# [Problem description]
Reproduce only the lines below from the line containing "Plasticul solid rezistă" to the line containing "別名「コガネヤシ」。葉の中央", exactly as written, with both end lines kept. Omit the pictures.

(Source data)
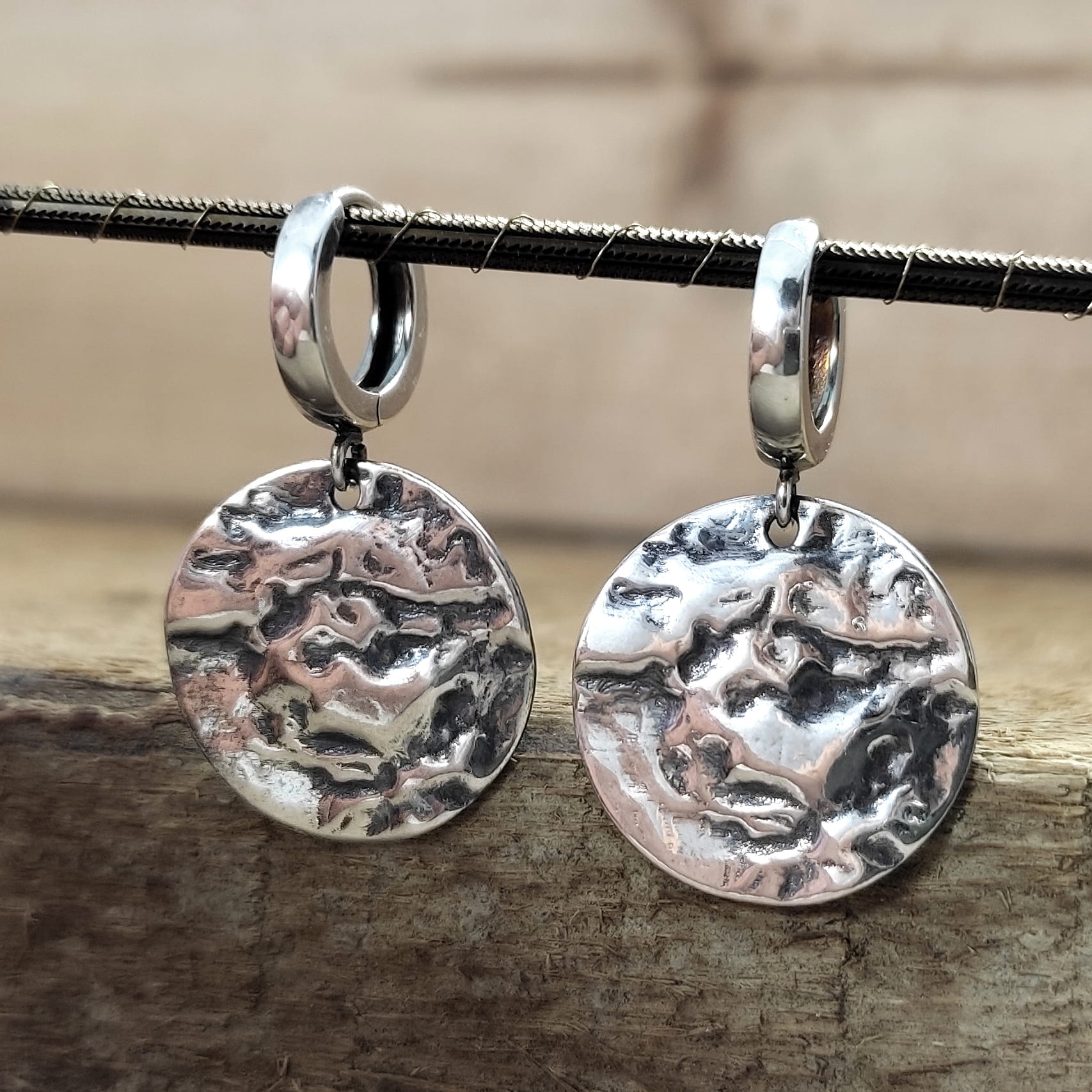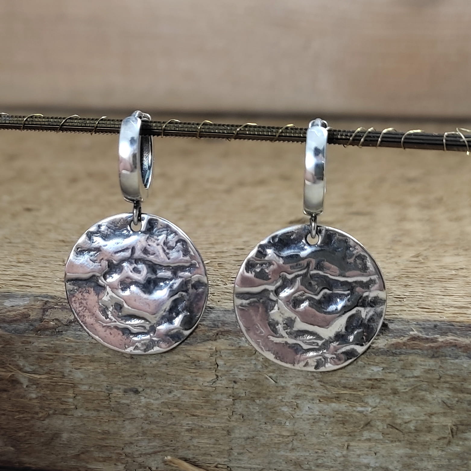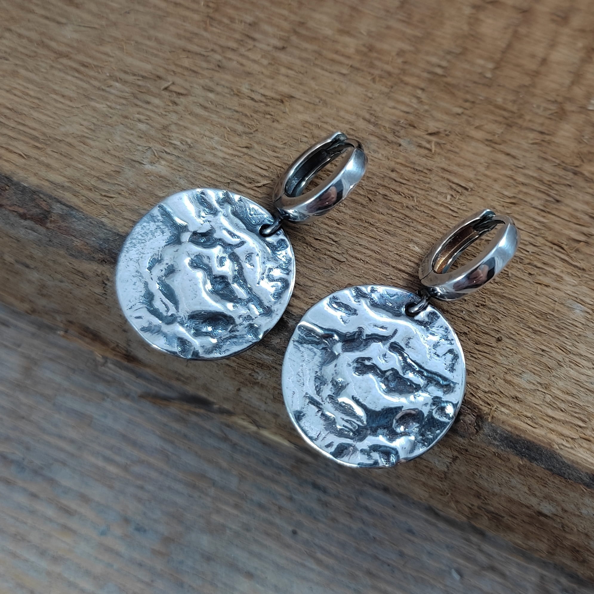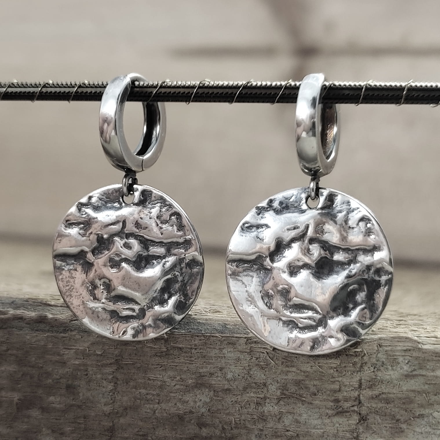 Kolczyki wykonane ze srebra 925, oksydowanego i wypolerowanego. Całkowita długość kolczyków wynosi ok. 3,2 cm. Elegancko zapakowane.
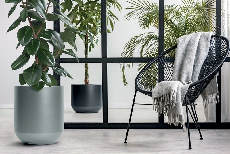 Plasticul solid rezistă intemperiilor și oferă suport stabil rădăcinilor. Ideal pentru terase, balcoane și camere de zi.
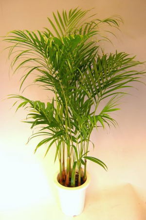 別名「コガネヤシ」。葉の中央部が濃黄色の優雅な株立ち性のヤシです。室内ヤシでは人気品種。小〜大鉢に向いています。
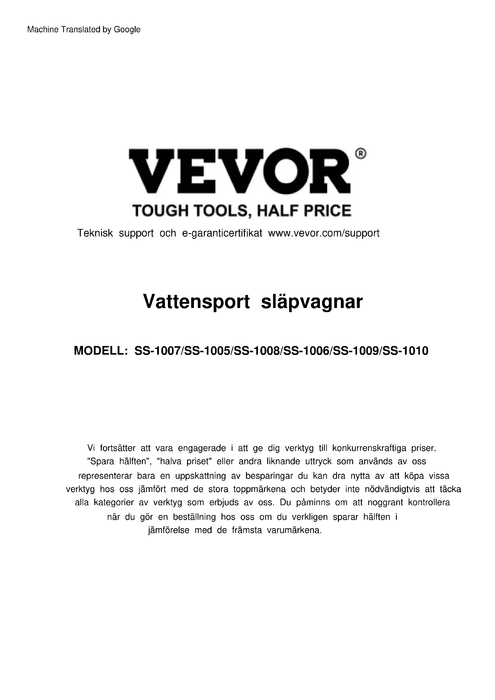 DE HIERBOVEN IN DEZE OVEREENKOMST VERMELDE WAARSCHUWINGEN EN PRAKTIJKEN Technische ondersteuning en e-garantiecertificaat www.vevor.com/support ALLE GEVALLEN VAN RISICO OF GEVAAR. GEBRUIK ALSTUBLIEFT UW GEZOND VERSTAND EN EC-REP VK REP Machine Translated by GoogleVattensport släpvagnar MODELL: SS-1007/SS-1005/SS-1008/SS-1006/SS-1009/SS-1010 Teknisk support och e-garanticertifikat www.vevor.com/support "Spara hälften", "halva priset" eller andra liknande uttryck som används av oss representerar bara en uppskattning av besparingar du kan dra nytta av att köpa vissa verktyg hos oss jämfört med de stora toppmärkena och betyder inte nödvändigtvis att täcka alla kategorier av verktyg som erbjuds av oss. Du påminns om att noggrant kontrollera när du gör en beställning hos oss om du verkligen sparar hälften i jämförelse med de främsta varumärkena. Vi fortsätter att vara engagerade i att ge dig verktyg till konkurrenskraftiga priser. Machine Translated by GoogleDetta är den ursprungliga instruktionen, läs alla instruktioner noggrant innan du använder den. VEVOR reserverar sig för en tydlig tolkning av vår användarmanual. Utseendet på produkten är beroende av den produkt du fått. Ursäkta oss att vi inte kommer att informera dig igen om det finns någon teknik eller mjukvaruuppdateringar på vår produkt. MODELL: SS-1007/SS-1005/SS-1008/SS-1006/SS-1009/SS-1010 Har du produktfrågor? Behöver du teknisk support? Kontakta oss gärna: Teknisk support och e-garanticertifikat www.vevor.com/support DRAGBAR VATTENSPORT BEHÖVER HJÄLP? KONTAKTA OSS!
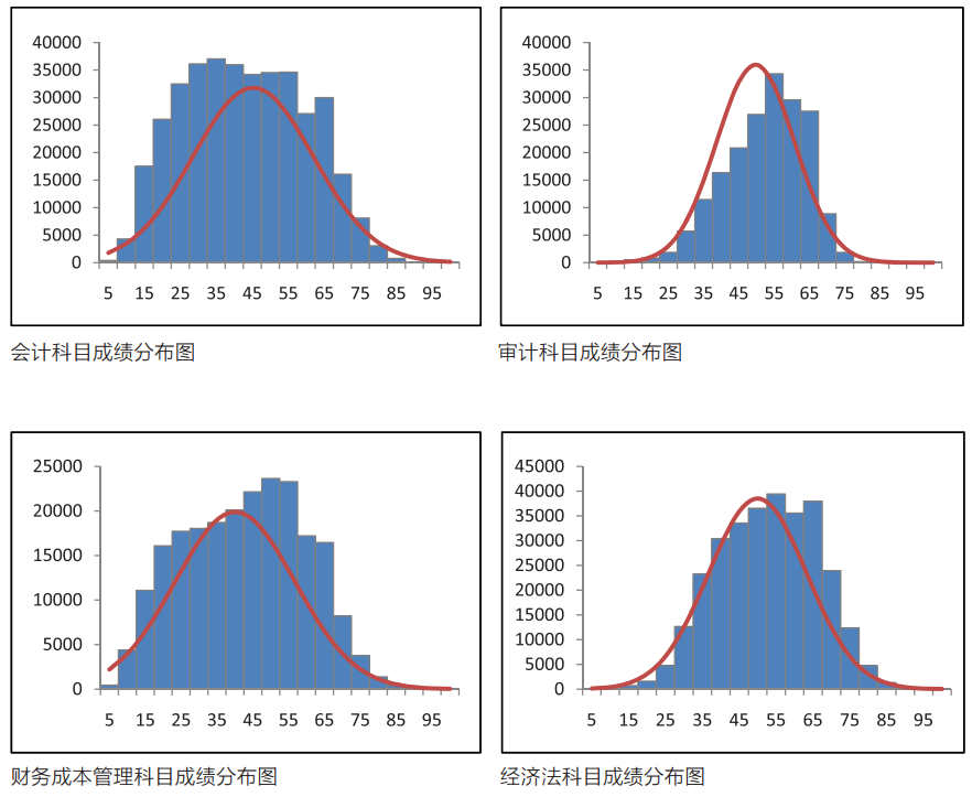 2020年专业阶段考试6个科目的峰度与偏度值均在-2和+2之间,表明考生成绩呈现比较合理的正态分布。具体情况详见图4、5。

# [Result]
 Plasticul solid rezistă intemperiilor și oferă suport stabil rădăcinilor. Ideal pentru terase, balcoane și camere de zi.
 別名「コガネヤシ」。葉の中央部が濃黄色の優雅な株立ち性のヤシです。室内ヤシでは人気品種。小〜大鉢に向いています。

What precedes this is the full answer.